Exercise instructions
Starting at the first line of the data, please print exactly those lines through the one that holds "POL is currently", omitting every picture.

[Excerpts from a dataset]
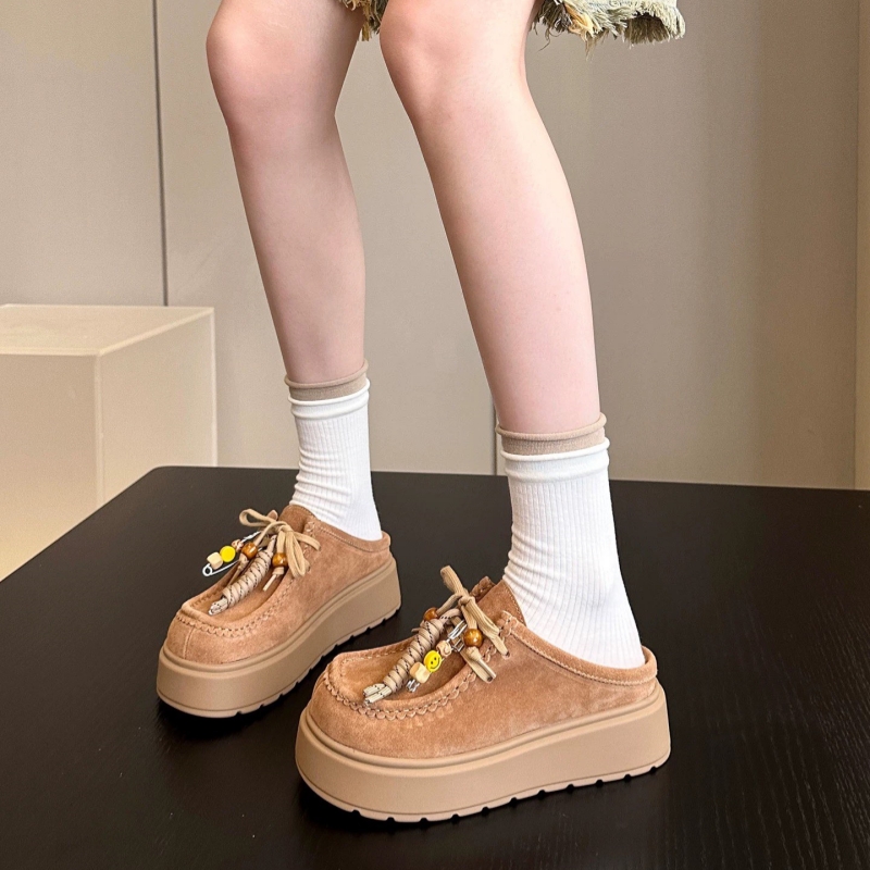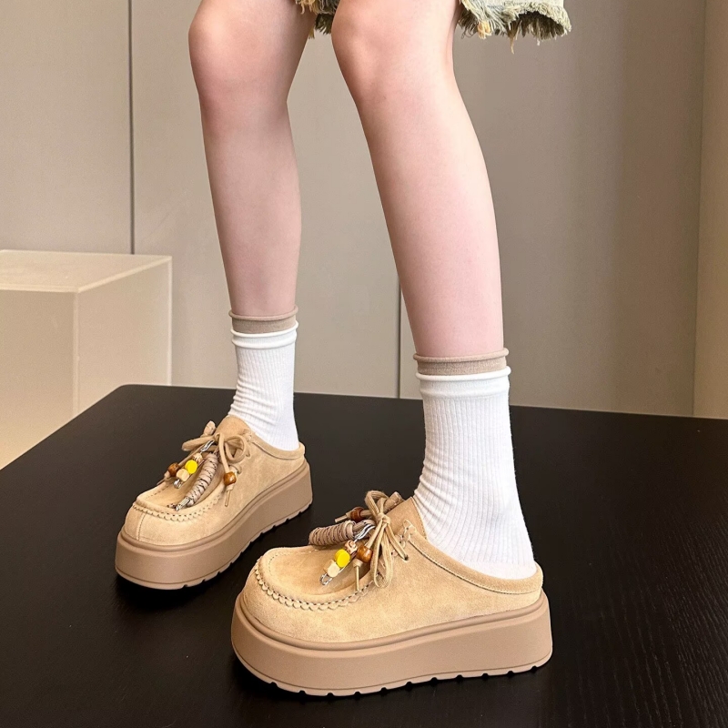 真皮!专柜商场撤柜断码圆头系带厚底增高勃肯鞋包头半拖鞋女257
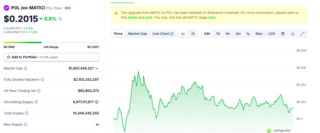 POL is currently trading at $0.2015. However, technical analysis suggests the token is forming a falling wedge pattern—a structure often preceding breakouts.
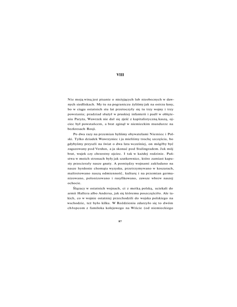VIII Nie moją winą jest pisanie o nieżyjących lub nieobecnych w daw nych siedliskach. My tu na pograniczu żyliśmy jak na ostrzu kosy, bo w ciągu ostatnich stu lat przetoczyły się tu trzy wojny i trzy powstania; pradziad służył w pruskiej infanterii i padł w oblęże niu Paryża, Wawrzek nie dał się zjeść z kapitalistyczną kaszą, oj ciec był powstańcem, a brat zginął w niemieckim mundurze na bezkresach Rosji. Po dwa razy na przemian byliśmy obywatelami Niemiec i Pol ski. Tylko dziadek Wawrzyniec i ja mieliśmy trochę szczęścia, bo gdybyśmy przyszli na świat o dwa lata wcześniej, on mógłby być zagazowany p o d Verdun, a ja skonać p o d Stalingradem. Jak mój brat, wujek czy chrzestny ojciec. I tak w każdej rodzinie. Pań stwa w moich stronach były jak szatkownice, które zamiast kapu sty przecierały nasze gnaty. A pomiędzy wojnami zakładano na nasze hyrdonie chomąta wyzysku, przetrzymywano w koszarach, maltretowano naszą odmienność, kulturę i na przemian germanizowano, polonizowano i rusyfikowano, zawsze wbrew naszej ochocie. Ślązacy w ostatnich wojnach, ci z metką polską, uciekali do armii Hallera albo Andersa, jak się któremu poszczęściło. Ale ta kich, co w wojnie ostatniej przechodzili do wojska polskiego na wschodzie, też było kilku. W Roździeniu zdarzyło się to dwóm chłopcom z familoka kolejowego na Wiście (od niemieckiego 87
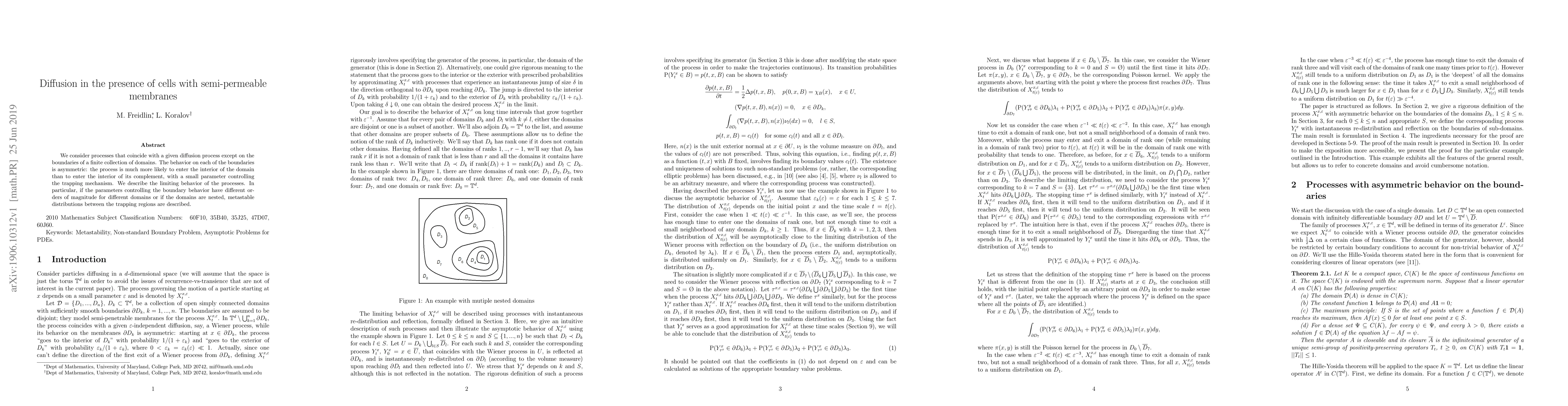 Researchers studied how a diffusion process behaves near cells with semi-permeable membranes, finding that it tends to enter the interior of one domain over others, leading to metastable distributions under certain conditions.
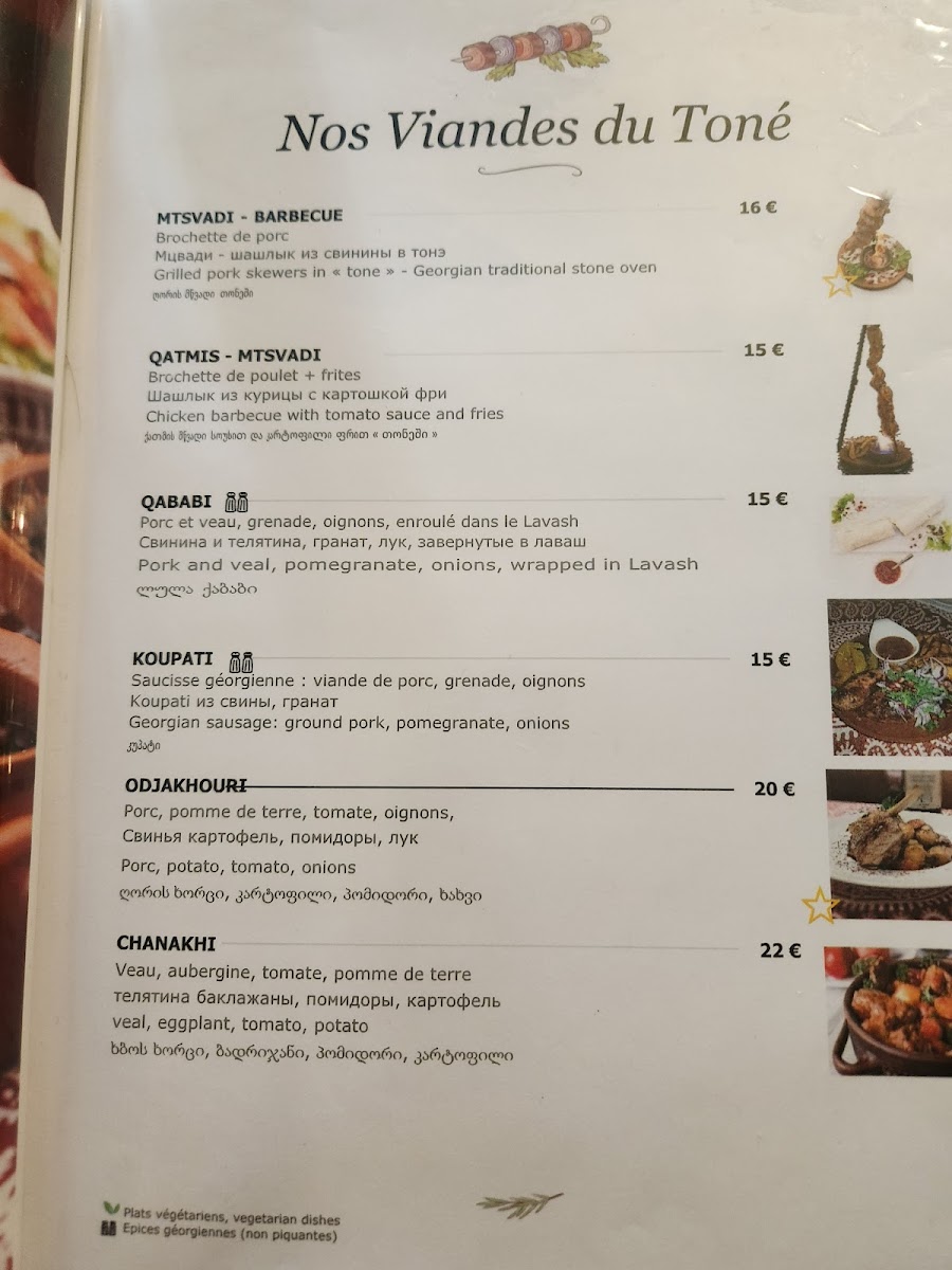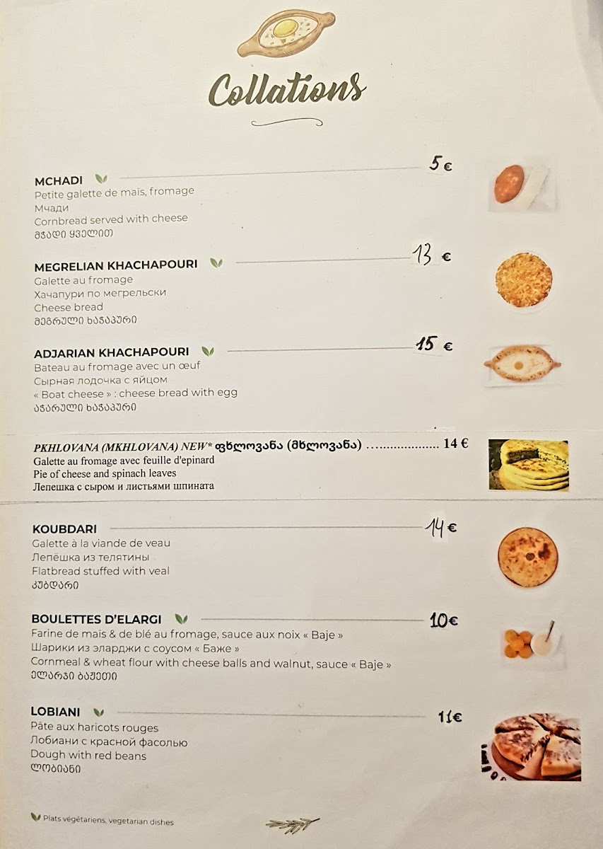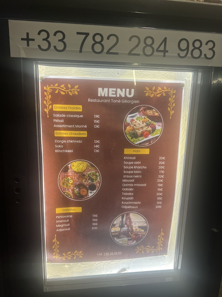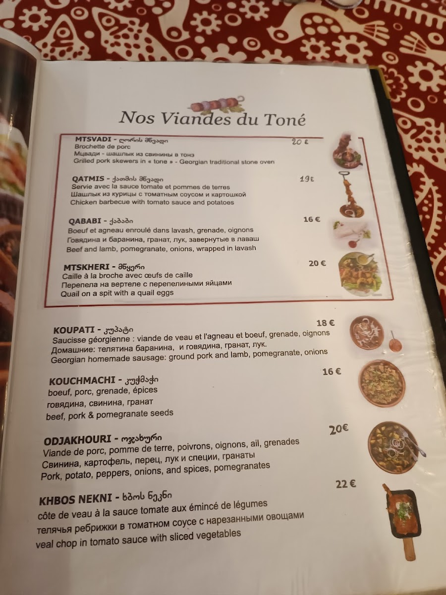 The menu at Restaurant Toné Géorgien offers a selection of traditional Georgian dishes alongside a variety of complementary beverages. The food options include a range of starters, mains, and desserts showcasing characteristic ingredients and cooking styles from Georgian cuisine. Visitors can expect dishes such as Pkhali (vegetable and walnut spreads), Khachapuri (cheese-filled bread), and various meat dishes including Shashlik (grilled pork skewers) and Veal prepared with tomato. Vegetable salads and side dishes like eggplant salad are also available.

Problem solution
 真皮!专柜商场撤柜断码圆头系带厚底增高勃肯鞋包头半拖鞋女257
 POL is currently trading at $0.2015. However, technical analysis suggests the token is forming a falling wedge pattern—a structure often preceding breakouts.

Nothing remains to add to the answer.